No. 15AP-477 6 from Cashland and Gold Buyers as to what they paid. If you find that out, submit that to me, I will absolutely reconsider the restitution amount. [APPELLANT'S COUNSEL]: Okay. THE COURT: All right. Thank you. For right now I'm going to keep it at $5,500. (Apr. 2, 2015 Hearing Tr. 2-14.) { 11} R.C. 2929.18(A)(1) provides that, "[i]f the court decides to impose restitution, the court shall hold a hearing on restitution if the offender, victim, or survivor disputes the amount." (Emphasis added.) See Blay at 12; State v. Woodruff, 10th Dist. No. 14AP-485, 2015-Ohio-738, 9. Here, appellant objected to the order of restitution, disputing the amount for which restitution was ordered. The state contends that a separate restitution hearing need not be ordered because the trial court considered evidence of the value of the stolen items at the sentencing hearing. However, as the transcript of the sentencing hearing reflects, there was confusion between the prosecutor and trial court regarding the actual value of the stolen items versus the amount for which the amount was sold. The restitution hearing mandated by R.C. 2929.18(A)(1) affords the state, victim, or offender an opportunity to present competent, credible evidence as to the amount of economic loss suffered as a direct and proximate result of the commission of the offense.
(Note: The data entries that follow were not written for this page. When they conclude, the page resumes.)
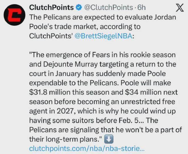 近日名記Siegel報道,隨著今年首輪7號秀費爾斯的崛起,以及默里將在明年1月份回歸,普爾在鵜鶘隊內(nèi)的地位突然變得可有可無,已經(jīng)被擺上貨架評估他的交易價值,不會是球隊長期計劃的一部分。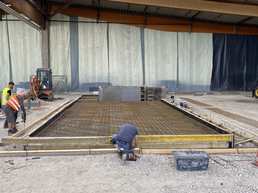 Die Baugenehmigung ist im November 2024 vom Kreis Herford erteilt worden. Die Ausführungsplanung in Gebäude, Statik und Haustechnik wie auch Außenanlagen ist erarbeitet worden. Momentan ist die Ausschreibung „Erweiterter Rohbau“ am Markt und es soll, sobald der Auftrag vergeben wurde, die Baustelle eröffnet werden.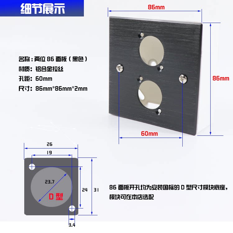 Two - hole black aluminum alloy anti - shield 86 black white shell 2 - bit D - shaped round - hole carnon wall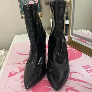 7.5 Black patent leather ankle boots with pointed toe and high heel #glamour #heels #party
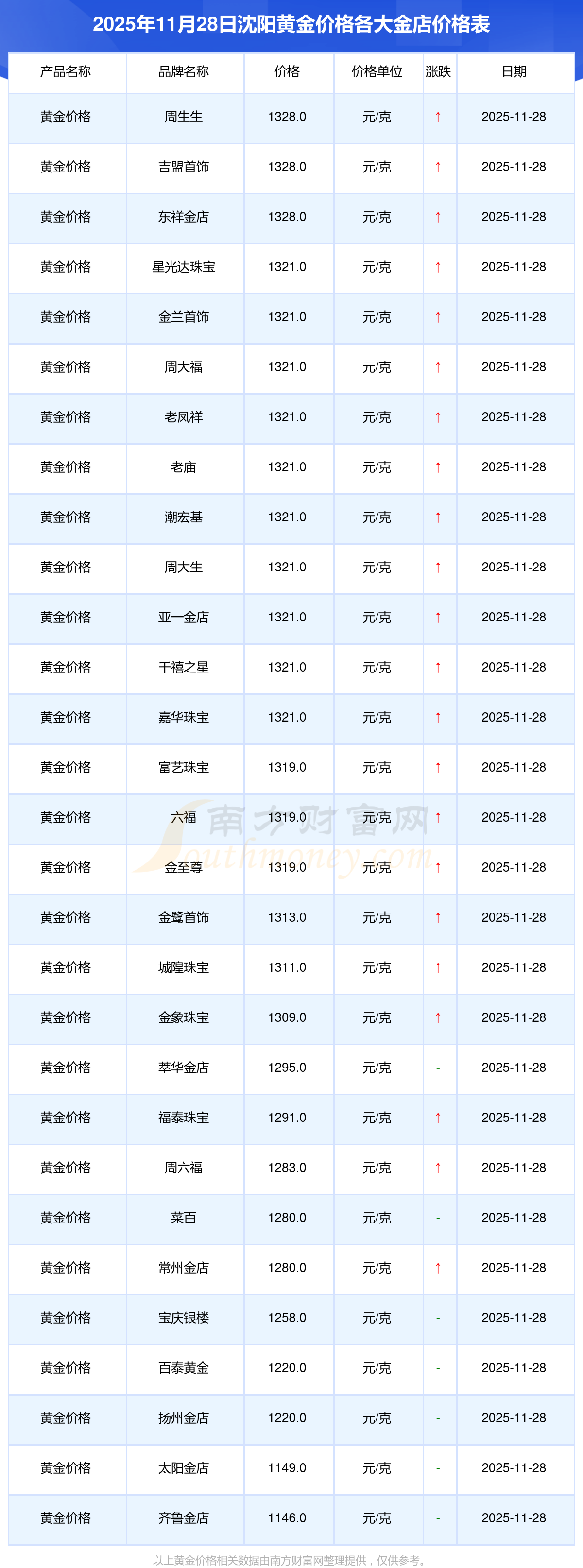一、沈陽(yáng)各金店黃金價(jià)格表來(lái)了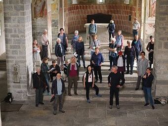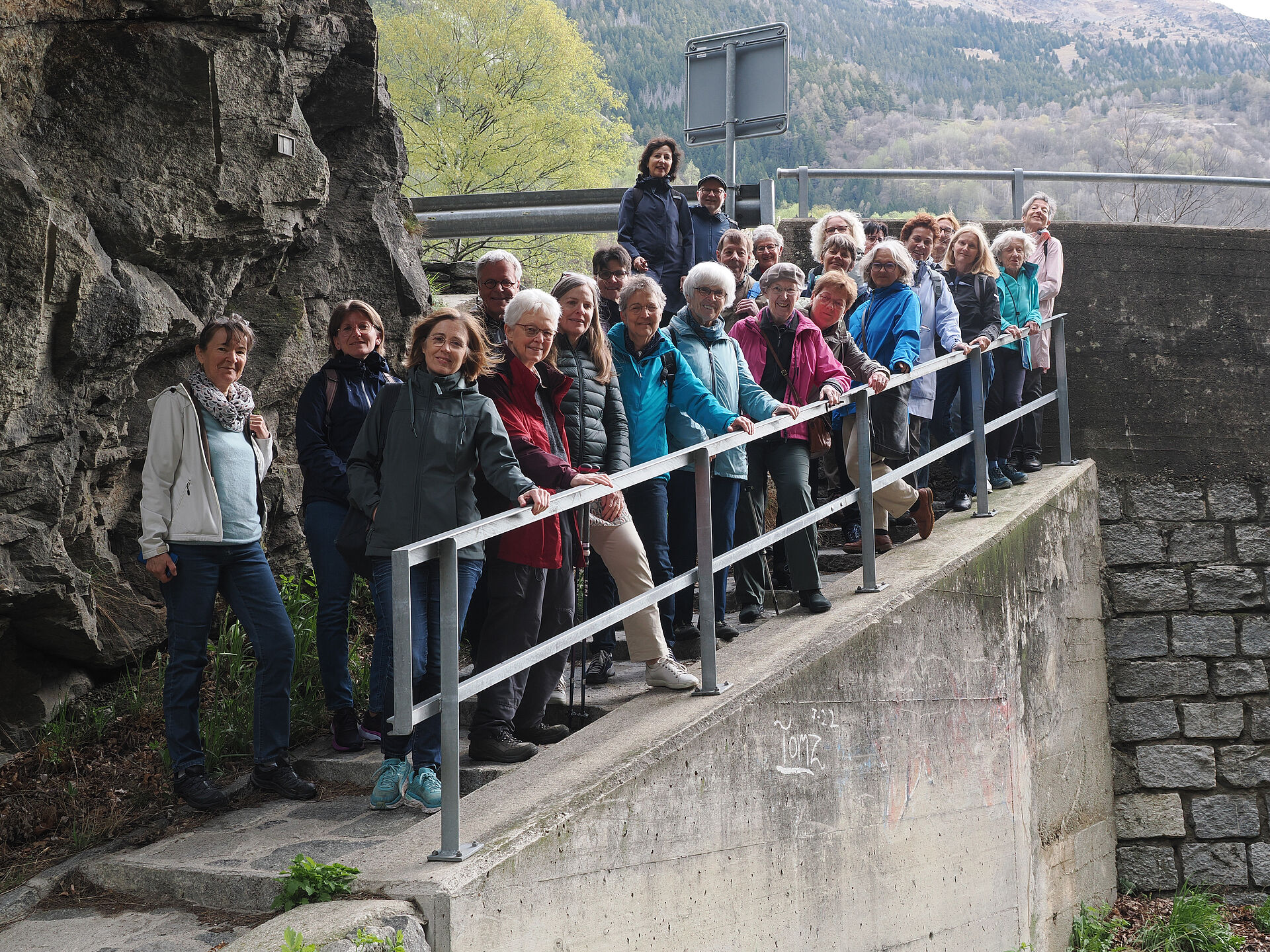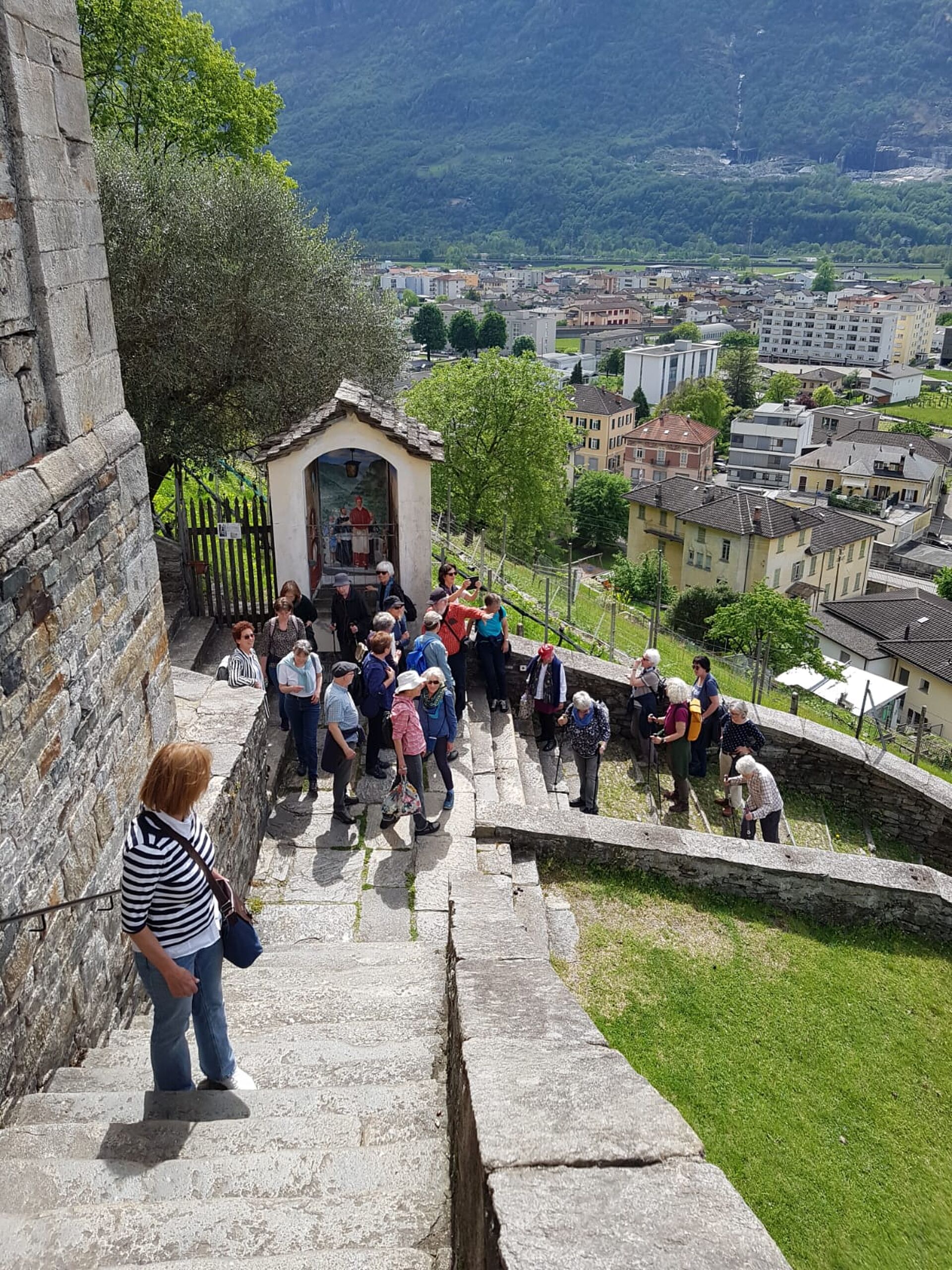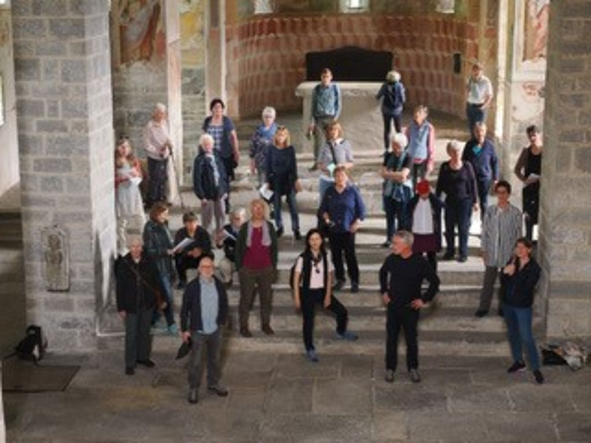 Der Car, umsichtig und sicher gelenkt von Gössi-Fahrer Stefan, führte uns nach Biasca, Mittelpunkt der drei Täler, Leventina, Bleniotal und Riviera. Alle Choristinnen und Choristen entschlossen sich den steilen Weg zur romanischen Kirche San Pietro e Paolo in Angriff zu nehmen. Oben angekommen konnte man eindrücklich in der heutigen Landschaft noch erahnen, welche Ausmasse der Bergsturz von 1513 gehabt hatte. Dem Dammbruch im 1515 folgte die sogenannte „Buzza di Biasca“, eine riesige Flut die in kürzester Zeit enorme Verwüstungen verursachte, bis zur Mündung in den Lago Maggiore. Die Handelsschiffahrt auf dem Fiume Ticino wurde verunmöglicht, die ganze Landschaft von Riviera und Piano di Magadino hatte sich total verändert.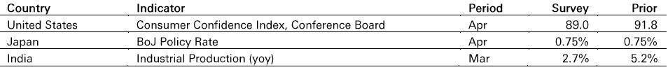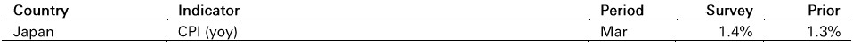 In Japan, CPI rose 1.5% yoy in March, slightly above market consensus, as higher energy prices are expected to continue putting upward pressure on inflation.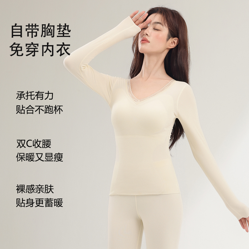 美体套装 婷美保暖内衣女免穿文胸修身 秋衣秋裤 2025秋冬新款 打底衫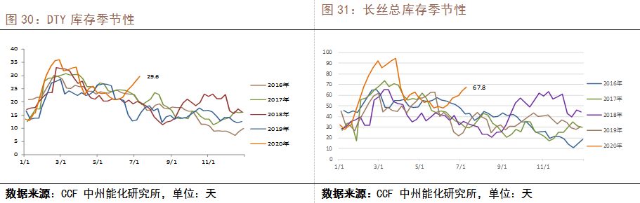 2020年7月1日起,聚酯产能基数上修至6110万吨,新增装置包括:盛虹25万吨(长丝),逸盛25万吨(瓶片),逸锦10万吨(短纤)、仪化20万吨(短纤)。本周三房巷一套20万吨装置开启,同时部分聚酯装置减产,综合来看聚酯负荷窄幅波动,截至本周五聚酯负荷在92%。涤丝产销本周除周中大幅降价促销产销率达到110%-120%外,其余几天均维持清淡。
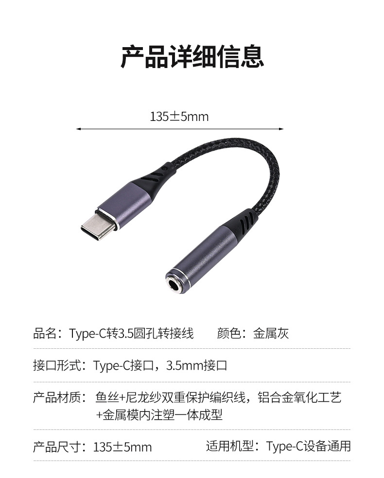 직접 공급 Type-C 장비 일반 전송 3.5 라운드 홀 어댑터 오디오 이어폰 케이블 컨버터 오디오 케이블 도매스토어 가기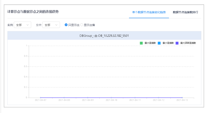 7.在计算节点与数据节点之间的连接趋势中,单击单个数据节点连接变化趋势页签。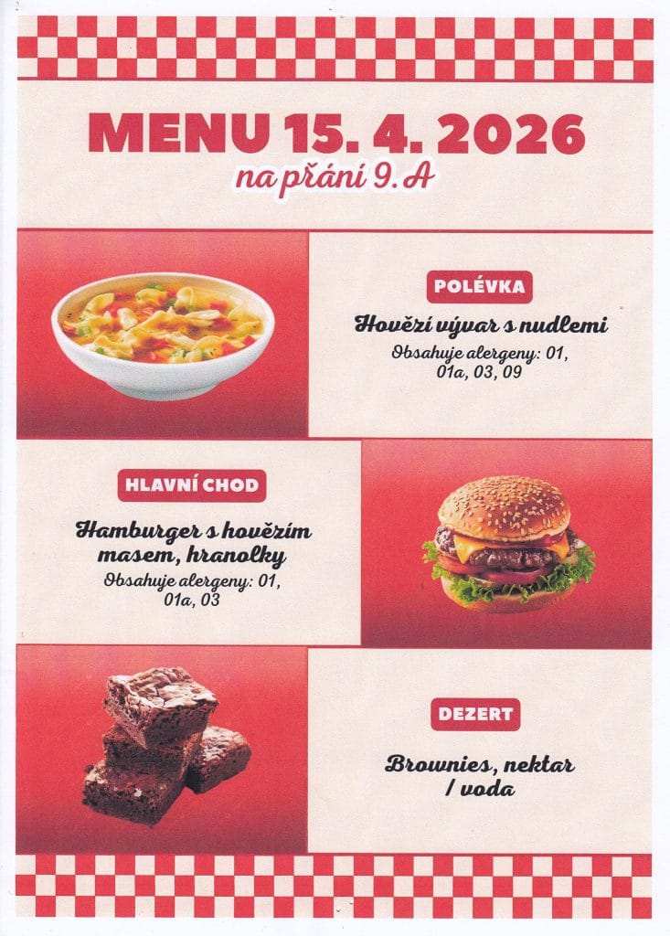 Dnes jsme začali s třídou 9.A, která si zvolila své oblíbené pokrmy a sestavila z nich celé menu.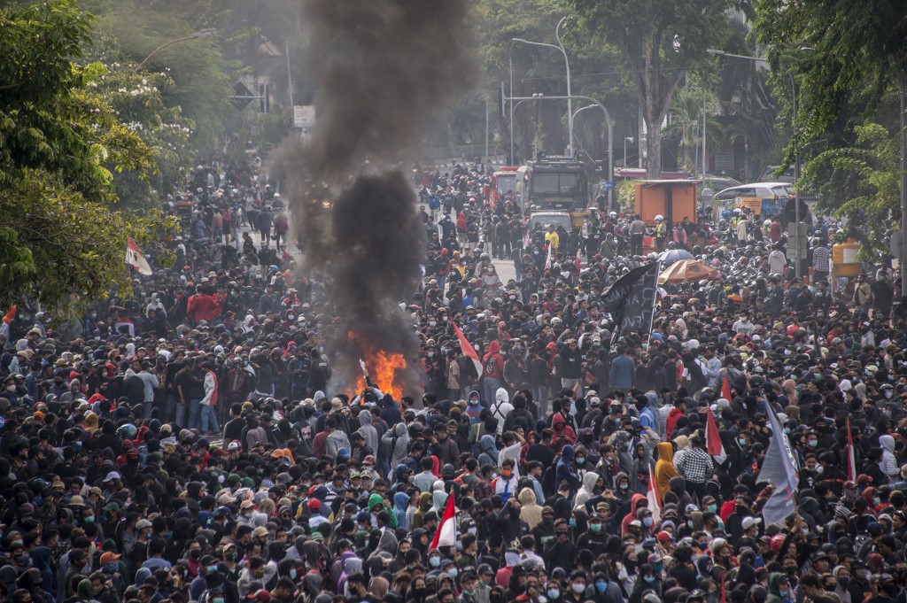 JAKARTA, Indonesia (AFP) — Thousands of protesters set fire to barricades and police posts in the Indonesian capital Thursday as opposition mounted to a controversial new investment law critics say will harm labour rights and the environment.

Therefore, we disagree with the state's contention that a hearing is not necessary since it is required pursuant to R.C. 2929.18(A)(1) upon the objection of the victim, offender, or survivor, as is the case here. { 12} Thus, because the trial court did not hold a hearing on restitution in response to appellant's objection, we find that the trial court committed reversible error. Woodruff at 9; Jones at 29; Blay at 12. Upon remand, the trial court shall conduct an evidentiary hearing in compliance with the requirements of R.C. 2929.18(A)(1). Accordingly, we sustain appellant's first assignment of error. IV. Second Assignment of Error Restitution Amount { 13} In her second assignment of error, appellant challenges the amount of restitution ordered by the trial court. Having found that the trial court must conduct a

No. 15AP-477 7 hearing pursuant to R.C. 2929.18(A)(1) prior to ordering restitution, appellant's second assignment of error is rendered moot. V. Disposition { 14} Having sustained appellant's first assignment of error and rendered moot appellant's second assignment of error, we affirm the conviction but reverse the sentence and remand this matter to the Franklin County Court of Common Pleas for resentencing and for further proceedings in accordance with law and consistent with this decision. Judgment affirmed in part, reversed in part, and cause remanded with instructions. TYACK and KLATT, JJ., concur.